Le thème même du second livret d’Amin Maalouf pour Kaija Saariaho, la vengeance renoncée d’un fils contre son père violeur a été en quelque sorte détournée par le compositeur. Kaija Saariaho a mis toute sa science au portrait vocal d’Adriana, perdue entre rêve et cauchemar, souvenirs traumatisants et acceptation, dont Fleur Barron saisit la complexité avec un art admirable.
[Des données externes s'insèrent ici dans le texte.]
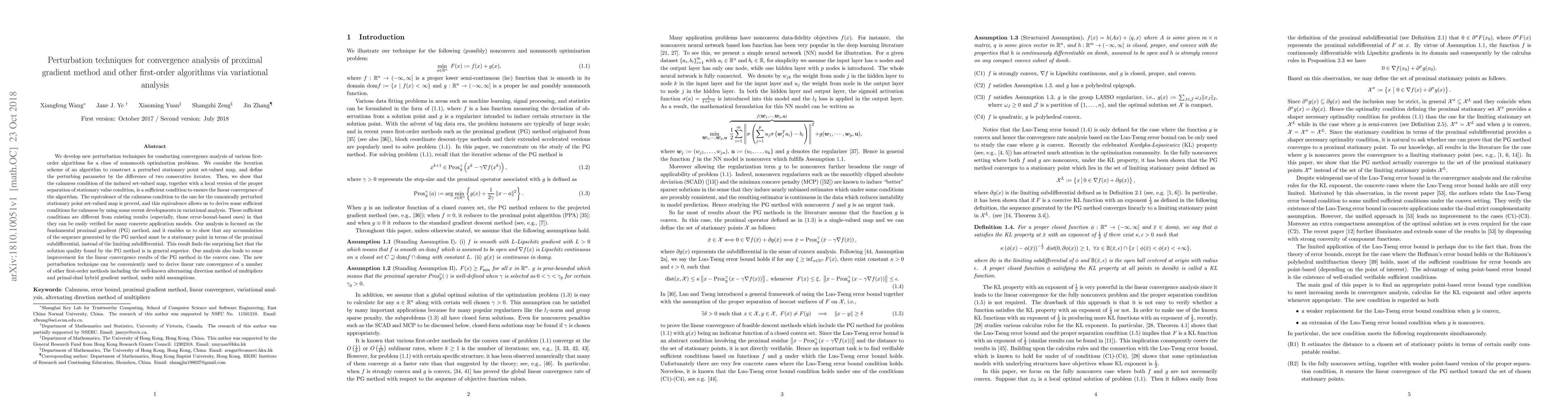 We develop new perturbation techniques for conducting convergence analysis of various first-order algorithms for a class of nonsmooth optimization problems. We consider the iteration scheme of an algorithm to construct a perturbed stationary point set-valued map, and define the perturbing parameter by the difference of two consecutive iterates. Then, we show that the calmness condition of the induced set-valued map, together with a local version of the proper separation of stationary value condition, is a sufficient condition to ensure the linear convergence of the algorithm. The equivalence of the calmness condition to the one for the canonically perturbed stationary point set-valued map is proved, and this equivalence allows us to derive some sufficient conditions for calmness by using some recent developments in variational analysis. These sufficient conditions are different from existing results (especially, those error-bound-based ones) in that they can be easily verified for many concrete application models. Our analysis is focused on the fundamental proximal gradient (PG) method, and it enables us to show that any accumulation of the sequence generated by the PG method must be a stationary point in terms of the proximal subdifferential, instead of the limiting subdifferential. This result finds the surprising fact that the solution quality found by the PG method is in general superior. Our analysis also leads to some improvement for the linear convergence results of the PG method in the convex case. The new perturbation technique can be conveniently used to derive linear rate convergence of a number of other first-order methods including the well-known alternating direction method of multipliers and primal-dual hybrid gradient method, under mild assumptions.

C’est elle l’héroïne, plutôt que les hommes perdus dans leur désir de vengeance, même si le Tsargo de Christopher Purves surprend par son incarnation expressionniste qui va comme à l’encontre du fabuleux orchestre atmosphérique, de ce continuum stellaire dont Kaija Saariaho enveloppait toutes ses créations, Esa-Pekka Salonen en raffinant l’étrange symphonie.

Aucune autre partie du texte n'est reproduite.